Interactive coding agents. Claude Code's capabilities come from both the model and the tooling around it. Local models don't have equivalent agent infrastructure yet.
Time-sensitive work. If the task is important and you need the best possible result, use the best available model — which is currently in the cloud.
Setting Up Ollama for Coding
Here's a practical setup for coding with Ollama:
# Install Ollama
brew install ollama
# Pull a good coding model
ollama pull qwen2.5-coder:7b
# Test it with a coding task
ollama run qwen2.5-coder:7b "Write a TypeScript function that
debounces a callback with a configurable delay"
# Start the API server (for tool integration)

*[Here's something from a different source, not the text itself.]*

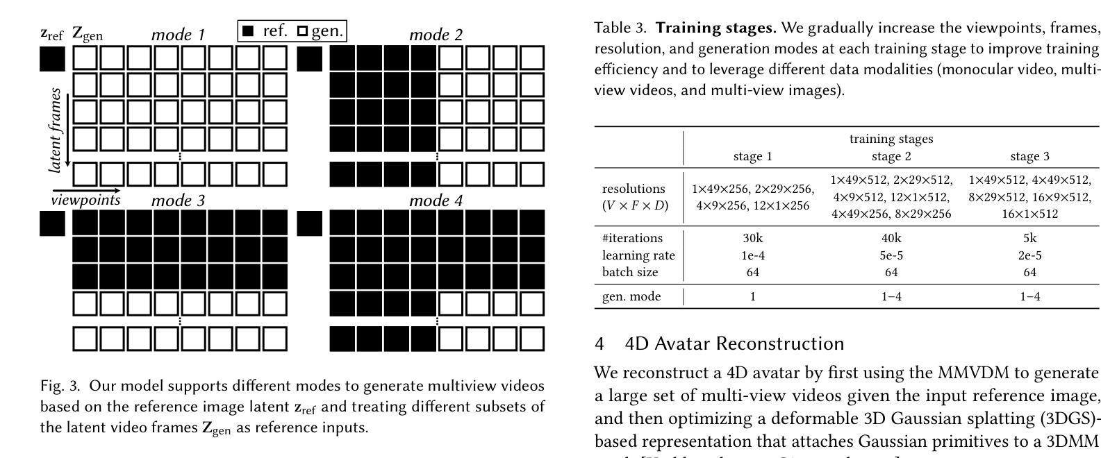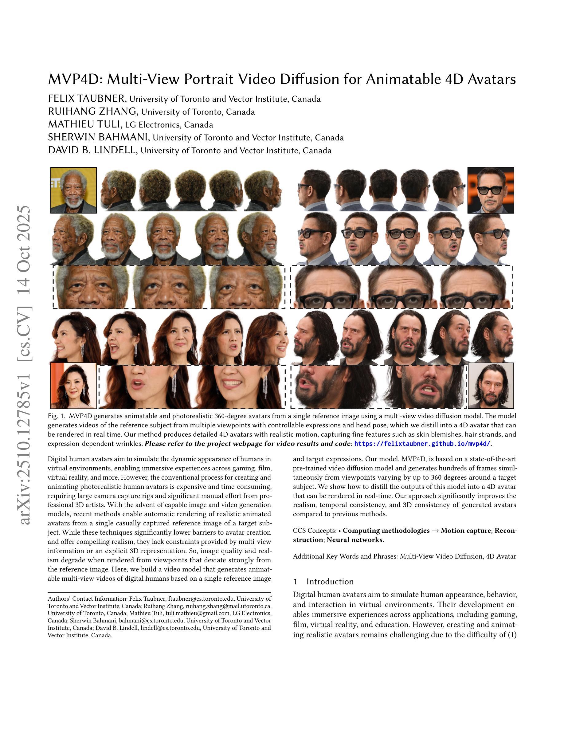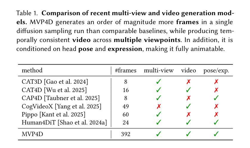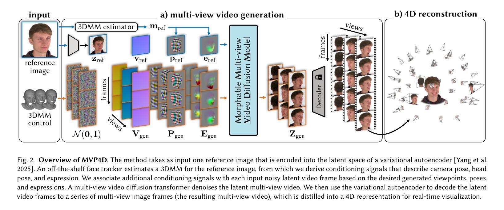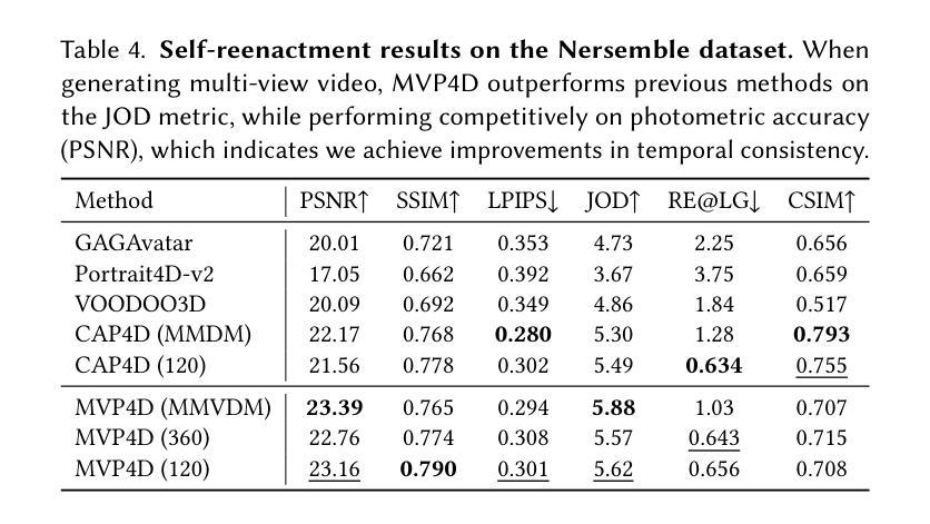 数字人类化身旨在模拟虚拟环境中人类的动态外观,为游戏、电影、虚拟现实等领域提供沉浸式体验。然而,创建和驱动逼真人类化身的传统过程既昂贵又耗时,需要大型相机捕捉设备和专业3D艺术家的大量手动工作。随着强大的图像和视频生成模型的出现,最近的方法能够从单个随意捕获的目标对象参考图像自动渲染逼真的动画化身。虽然这些技术大大降低了创建化身的障碍并提供了引人注目的逼真效果,但它们缺乏多视图信息或明确的3D表示所提供的约束。因此,当从与参考图像偏离较大的视角进行渲染时,图像质量和逼真度会降低。在这里,我们建立了一个基于单个参考图像和目标表情生成数字人类多角度视频的视频模型。我们的模型MVP4D基于最先进的预训练视频扩散模型,可以同时从目标对象周围最多360度的视角生成数百帧。我们展示了如何将该模型的输出提炼成可以在实时渲染的4D化身。与以前的方法相比,我们的方法显著提高了生成的化身在逼真度、时间一致性和3D一致性方面的表现。

ollama serveUsing With Continue.dev (VS Code)
Continue.dev is a VS Code extension that provides AI coding assistance and supports local models:
// .continue/config.json
{
"models": [
{
"title": "Local Qwen Coder",
"provider": "ollama",
"model": "qwen2.5-coder:7b"
}
]
}This gives you AI coding assistance in VS Code powered entirely by a local model. The quality won't match Claude or GPT-4o for complex tasks, but it's private and free.
Try this now
- Decide whether you have a real reason to go local: privacy, offline work, or cost.
- Check your hardware before downloading a model that will be miserable to run.
- Test one local model on a simple coding task and compare the result honestly to your preferred cloud model.
Prompt to give your agent
"Design a local AI coding setup for me. Hardware: [CPU/GPU/RAM] Operating system: [OS] Constraints: [privacy, offline use, budget] Typical tasks: [simple coding help, reviews, refactors, chat]
Recommend:
- the best local model size I can realistically run
- whether Ollama or LM Studio is the better starting point
- what tool integration I should use
- which tasks should still go to cloud models if policy allows"
What you must review yourself
- Whether the privacy or offline requirement is real enough to justify the quality tradeoff
- Whether the model actually fits your hardware without constant swapping and frustration
- Whether the local UX gap is acceptable for the way you like to work
- Whether you are expecting cloud-level reasoning from a smaller local model
Common Mistakes to Avoid
- Expecting cloud-quality results. Local models are valuable, but they are not magic.
- Running models too large for your hardware. Bad fit equals bad experience.
- Not trying quantized models. Smaller practical models often beat idealized bigger ones you cannot run well.
- Ignoring the UX gap. Model quality and tool quality are separate tradeoffs.
- Using local when cloud is better. Principle should not override task fit without a reason.
Key takeaways
- Local models trade top-end capability for privacy, control, and offline access
- Hardware fit matters as much as model choice
- Ollama and LM Studio lower the barrier, but they do not erase the tradeoffs
- A hybrid workflow often beats a purely local or purely cloud stance
What's Next
You have now completed the ai-tools path end to end. The next step is to apply these choices deliberately:
- choose the right tool for the task instead of defaulting blindly
- set the right provider, budget, and context strategy before scale makes mistakes expensive
- treat prompts, context files, and review discipline as part of the engineering workflow
That is how AI assistance becomes leverage instead of chaos.